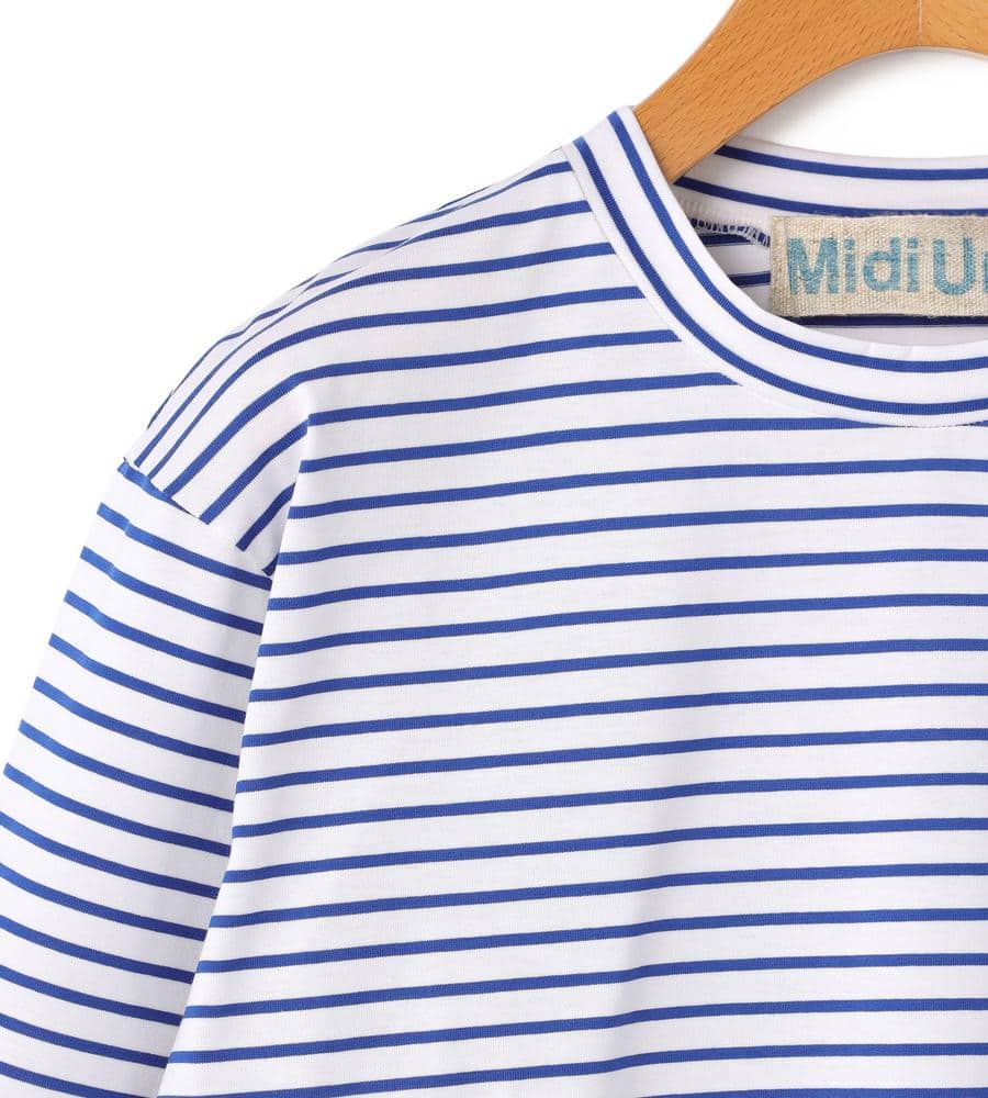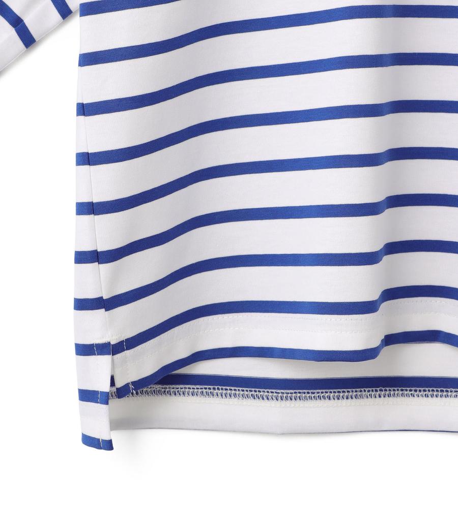毎日のカジュアルコーデにぴったりなボーダー柄のカットソーです。そのまま着流しても決まる前後差を持たせた裾デザインがポイント、ドロップショルダーがこなれ感のある着こなしをかなえてくれます。1枚で着るのはもちろん、ジャケットやカーディガンのインナーとしても存在感のあるおすすめのアイテムです。
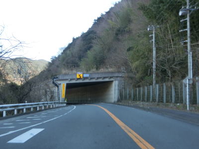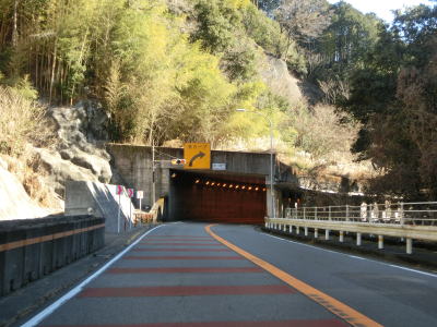 | 南部町役場入口交差点を過ぎてすぐに新福士川橋を渡り、少し走ると旧道らしき町道との交差点を通過する。R52では数少ない登坂車線(南向きでは唯一)が終わると切久保洞門をくぐる。 | ||
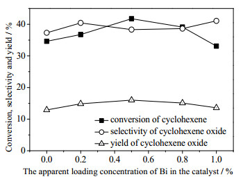 图 7 Bi表观负载量对催化剂催化环氧化效果的影响 Fig.7 Effects of Bi loading contents on the epoxidation of cyclohexene Reaction conditions: catalyst 0.02 g, cyclohexene 2.0 g, TBHP 3 drops, reaction pressure 0.8 MPa, temperature 80 ℃, reaction time 18 h |
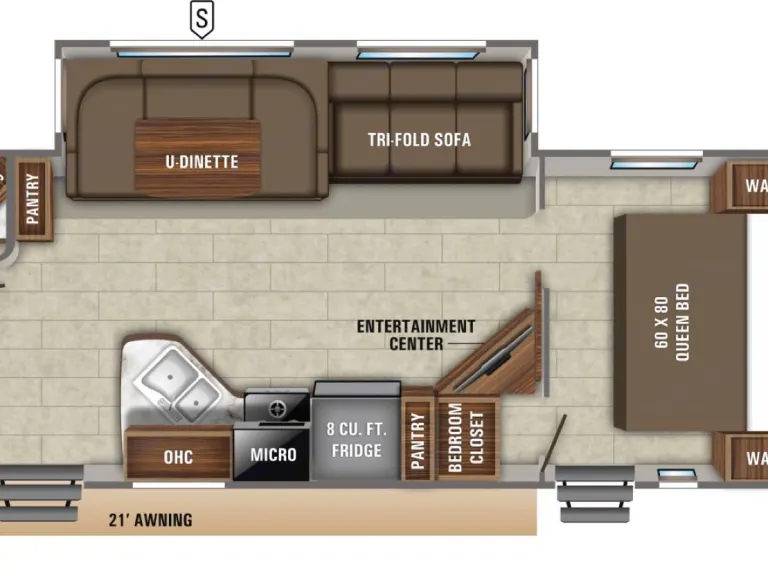No cooking inside like bacon or anything that will smoke and cause a smell. Outdoor kitchen grill connected to the camper shouldn’t be used either. We provide a Camp Chef cooking system which is a more pleasure to cook on anyways.
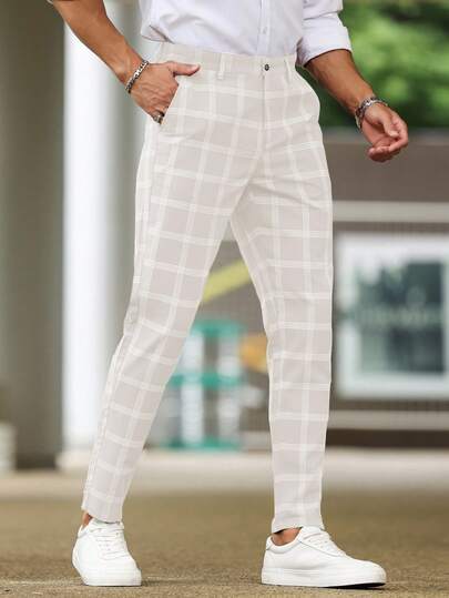Manfinity Homme 男士休閒格紋修身西褲 - 杏色 - 查看 1
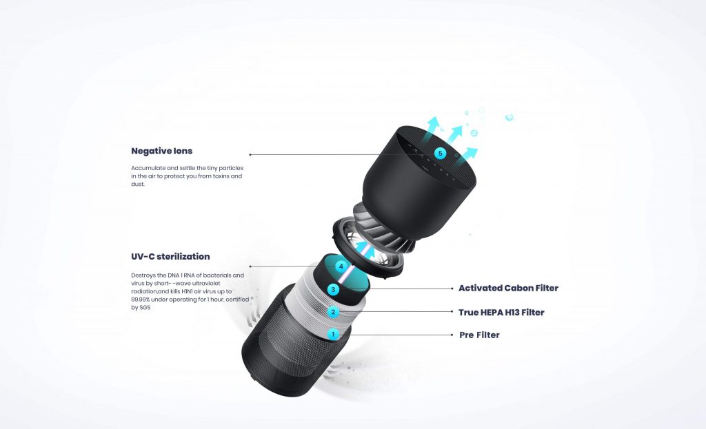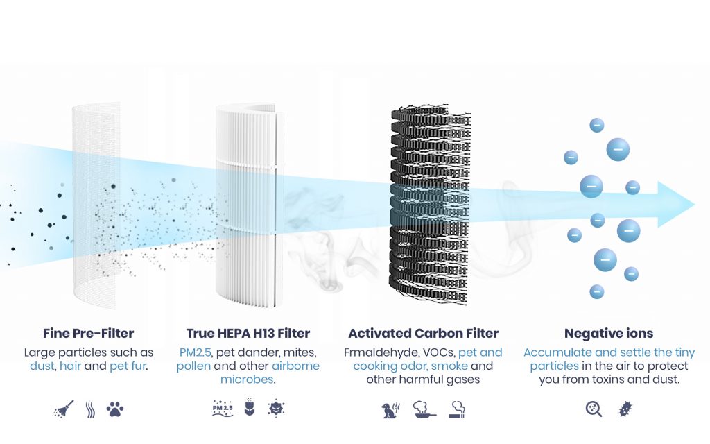 Воздухоочистители оснащены сменными гипоаллергенными фильтрами HEPA 13. Они удерживают 99,97% пыли, что позволяет делать воздух в комнате чище. Система двойных лазерных сенсоров для определения микроскопических частиц размером 0,3 микрона (0,0003 мм) помогает очищать воздух даже от сигаретного дыма и запахов животных. Очистители поглощают мелкие частицы и негативные ионы, тем самым очищая воздух от микробов.
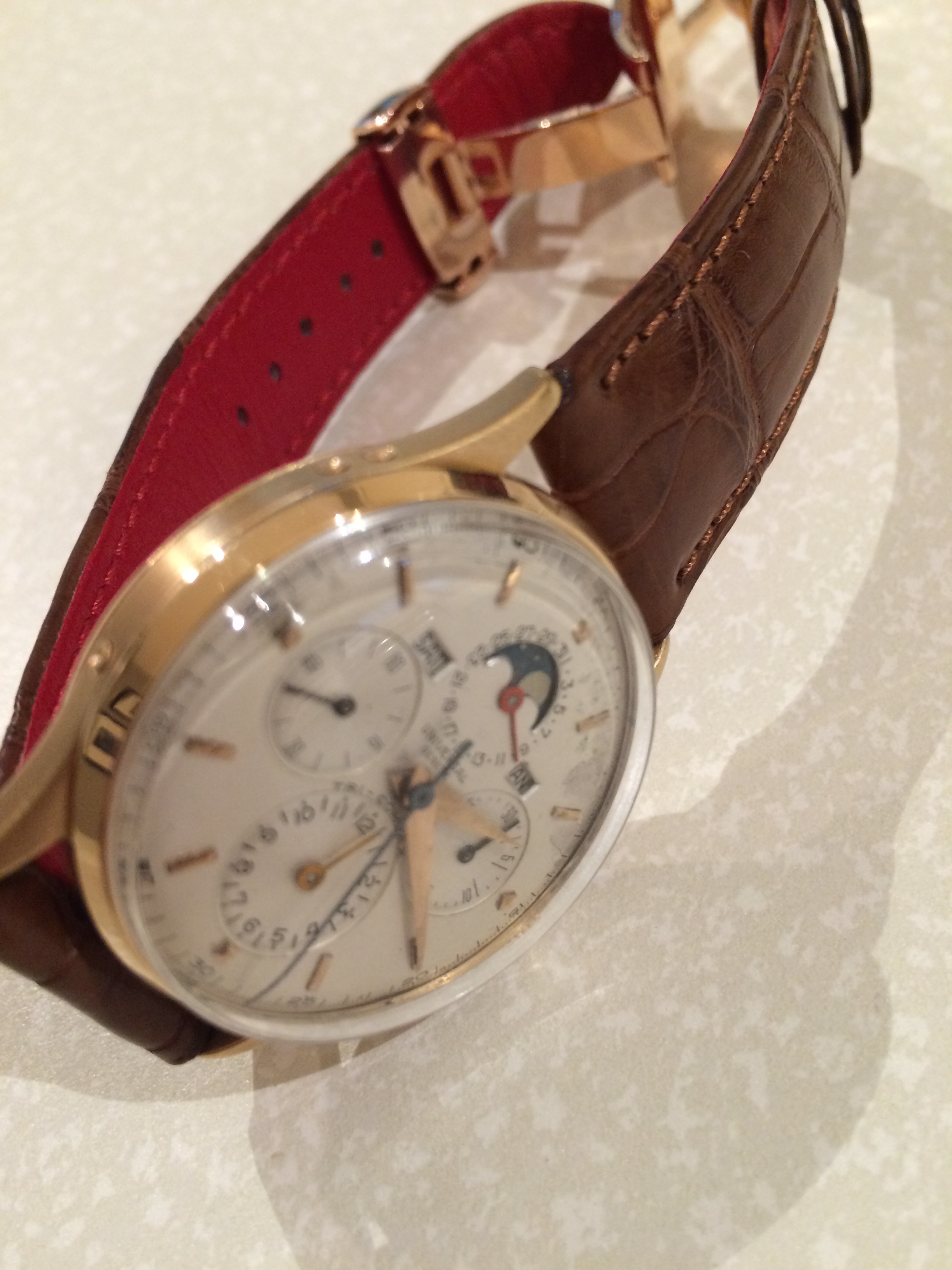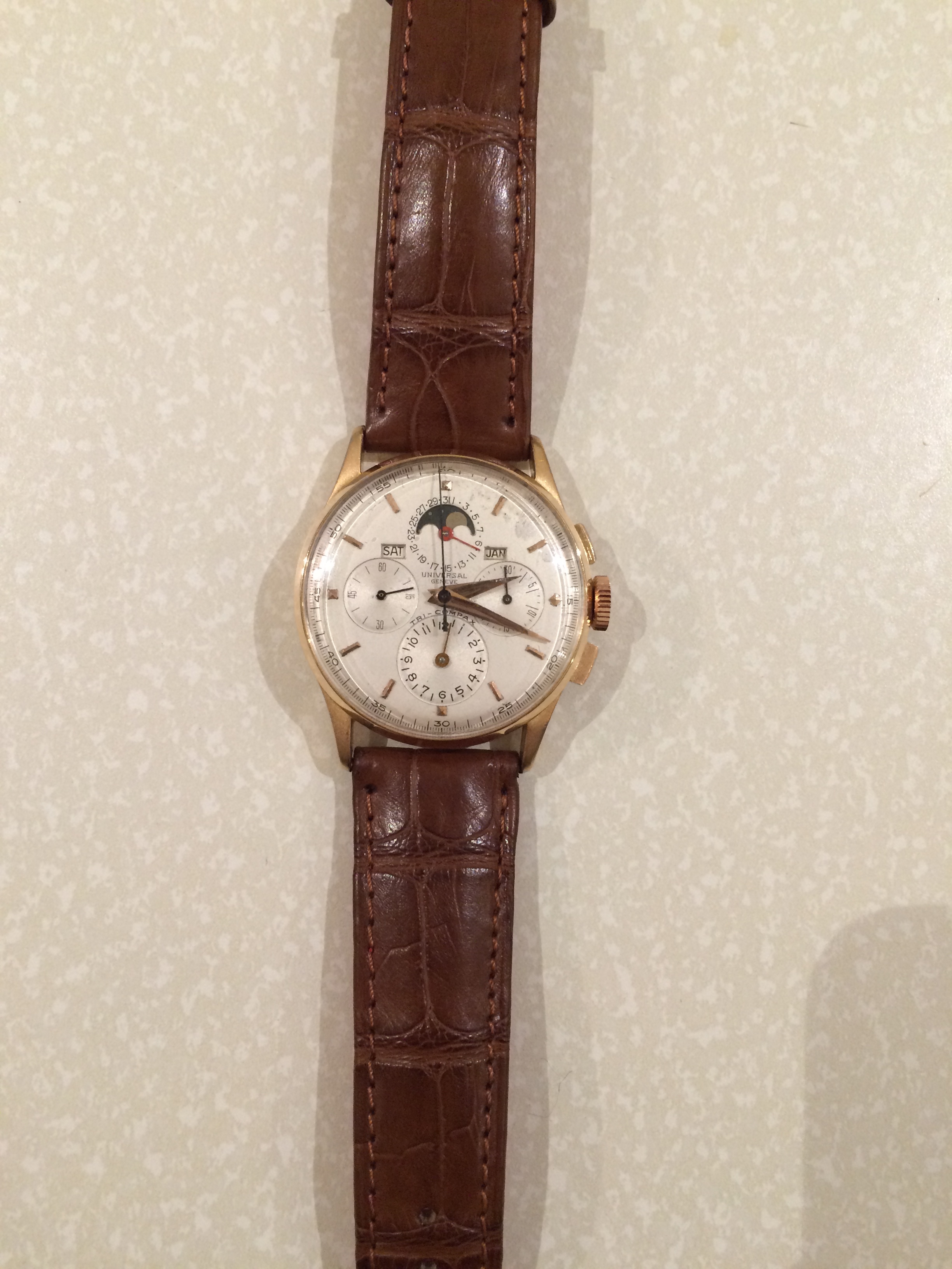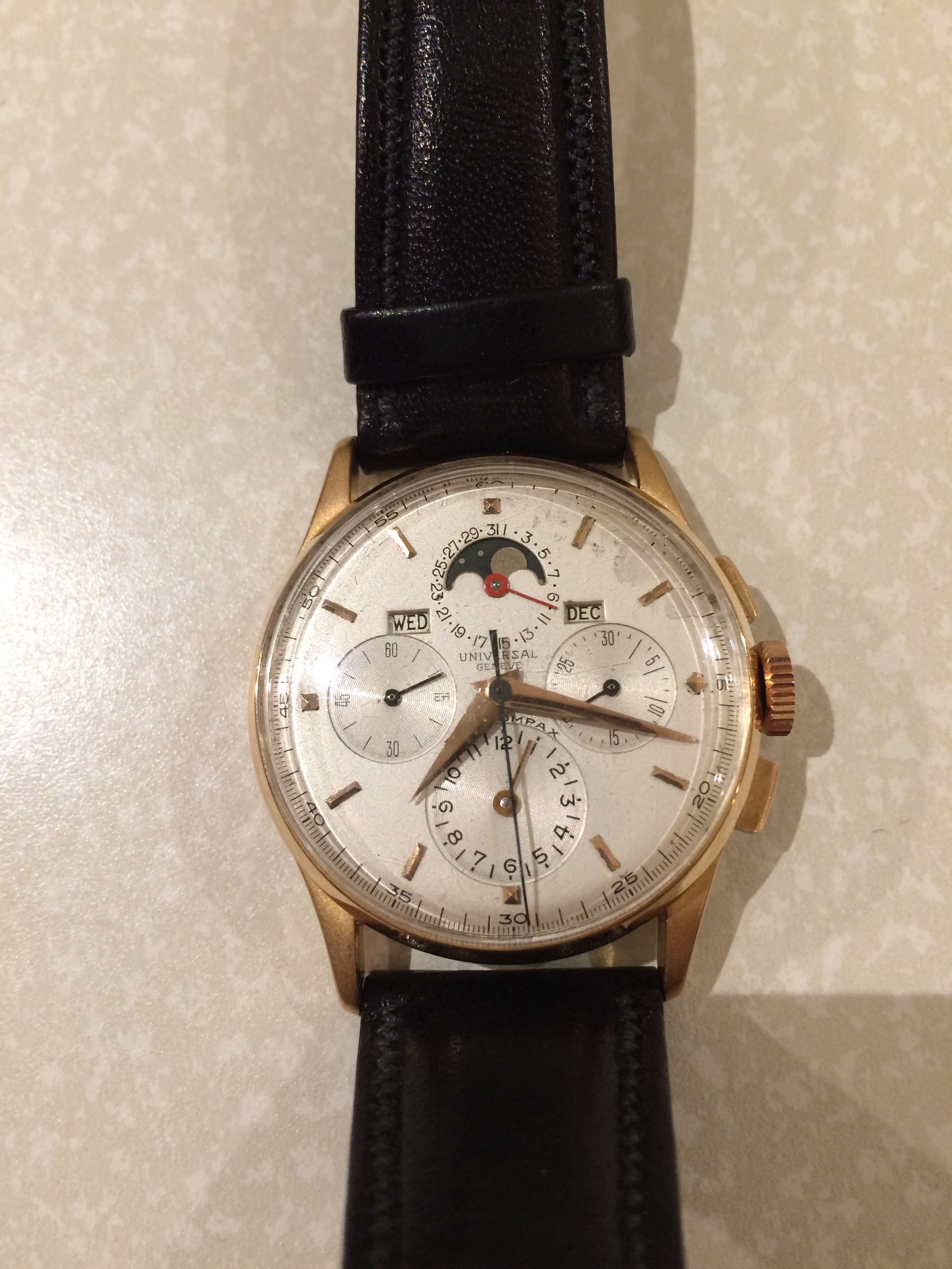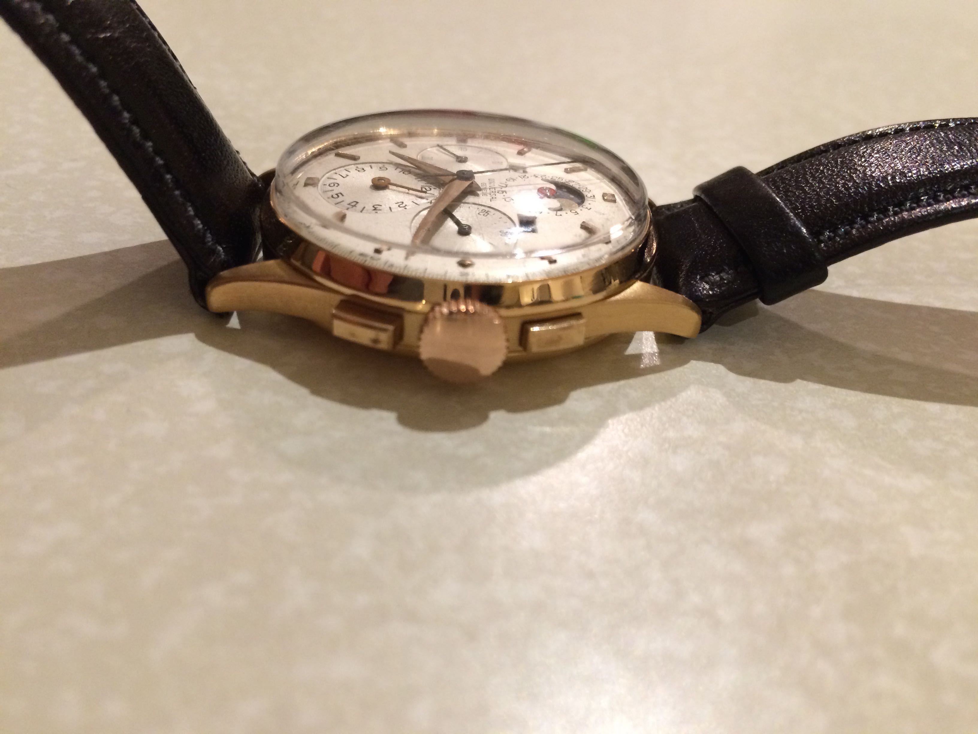 ·I finally had my 18k rose gold tricompax repaired by Blake at ScotchWatch in AZ. I'd recommend him; he was relatively quick, and the watch is working great. Thanks to everyone in the forum who gave me advice on both the watch repair and the bracelet recommendations. I do really enjoy wearing the same watch as my great-grandfather and hope to be able to pass onto my son in the future.
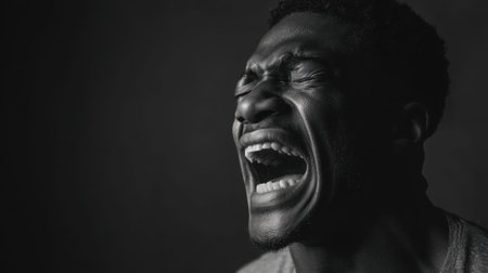 Expressive emotional african male portrait in black and white close-up.
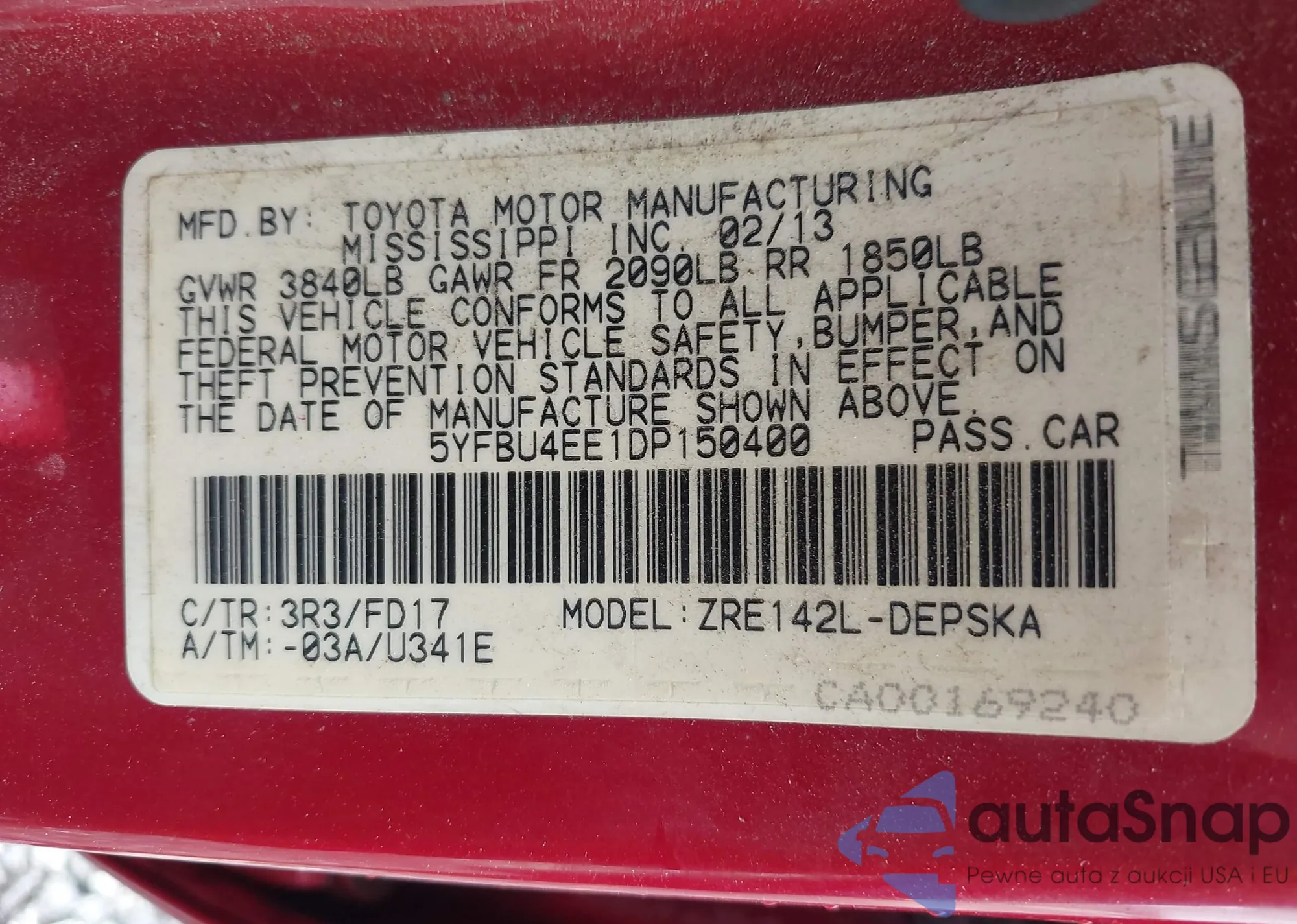 • VIN 5YFBU4EE1DP150400
+++
- DESCRIPTION OF THE TASK -
Above are the records; please give again, exactly and in full, only the lines that run from the line with "No cooking inside" through the line with "Воздухоочистители оснащены сменными", with no pictures.

- RESULT OF THE EXERCISE -
No cooking inside like bacon or anything that will smoke and cause a smell. Outdoor kitchen grill connected to the camper shouldn’t be used either. We provide a Camp Chef cooking system which is a more pleasure to cook on anyways.
Manfinity Homme 男士休閒格紋修身西褲 - 杏色 - 查看 1
 Воздухоочистители оснащены сменными гипоаллергенными фильтрами HEPA 13. Они удерживают 99,97% пыли, что позволяет делать воздух в комнате чище. Система двойных лазерных сенсоров для определения микроскопических частиц размером 0,3 микрона (0,0003 мм) помогает очищать воздух даже от сигаретного дыма и запахов животных. Очистители поглощают мелкие частицы и негативные ионы, тем самым очищая воздух от микробов.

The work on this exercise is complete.